Her idea is relatively straightforward. These reliable wearable sensors are used to collect many cardiovascular indices, such as heart rate and electrocardiographic signal during sports activities. Data is then transmitted by Bluetooth or WiFi via a mobile app, and then to a cloud platform. In this case, the GARR Consortium Cloud Infrastructure. This guarantees secure transfer. Data is appropriately cataloged in Cloud: the history of each athlete is organized to be easily accessible to athletes or authorized third parties, like coaches or clinicians. The cloud-based platform developed by the research team then analyses the cardiovascular data and computes the main clinical indices of sport-related sudden cardiac death risk — heart rate analysis or the electrocardiographic QT interval. Analysis of indices generates output that determines low risk, medium risk or high risk. The athlete, coach, or instructor can then take appropriate action.

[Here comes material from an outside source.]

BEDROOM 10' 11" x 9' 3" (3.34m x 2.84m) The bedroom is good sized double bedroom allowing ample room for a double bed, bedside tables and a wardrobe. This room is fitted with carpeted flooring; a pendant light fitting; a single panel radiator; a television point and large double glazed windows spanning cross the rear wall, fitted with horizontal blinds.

The system is extremely user-friendly because it is based on technologies that athletes already use and are familiar with, like wearable sensors and a smartphone app. It does not disturb their regular practice or competitive routine. It is also quite scalable. The underlying technology is not expensive, making it a feasible alternative to many professional or amateur athletes.

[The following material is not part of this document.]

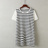 Летнее платье, базовая длинная футболка, цветная мини-юбка с круглым воротником, короткий рукав, средней длины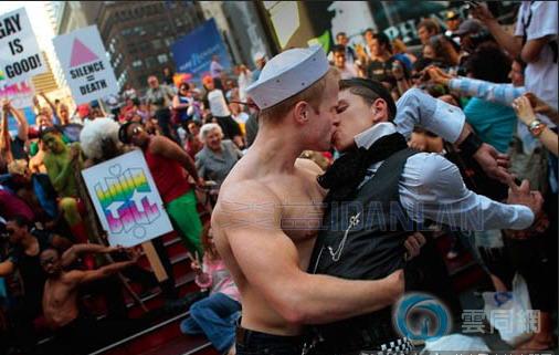 此次集会中最引人注意的是一众英俊性感的百老汇演员,他们在时代广场载歌载舞,并摆出男男版“胜利之吻”造型,引起一片欢呼。

Preliminary pilot data of approximately 100 athletes already uncovered two cases of heart disease. Ongoing research is expanding the database and will certainly help uncover more. In addition, the commercial implications for the platform are promising indeed.

Enabling infrastructure and cloud platform from the GARR Consortium

Dr. Sbrollini is a Consortium GARR fellowship student in the Orio Carlini Scholarship Program. Now in the second year of the scholarship, work is in high gear to perfect the app and adapt it to real-time deployment. The support from the GARR Consortium allows the team to build any VRs and includes access to many licenses necessary. In addition, use of the GARR Consortium Cloud Infrastructure helps keep this work in an academic setting, where collaboration with leading researchers and medical schools across several continents is possible.

The GARR Consortium is helping researchers like Dr. Sbrollini develop innovative ideas and apply them to make an impact, and promise a safer, healthier future for aspiring young athletes.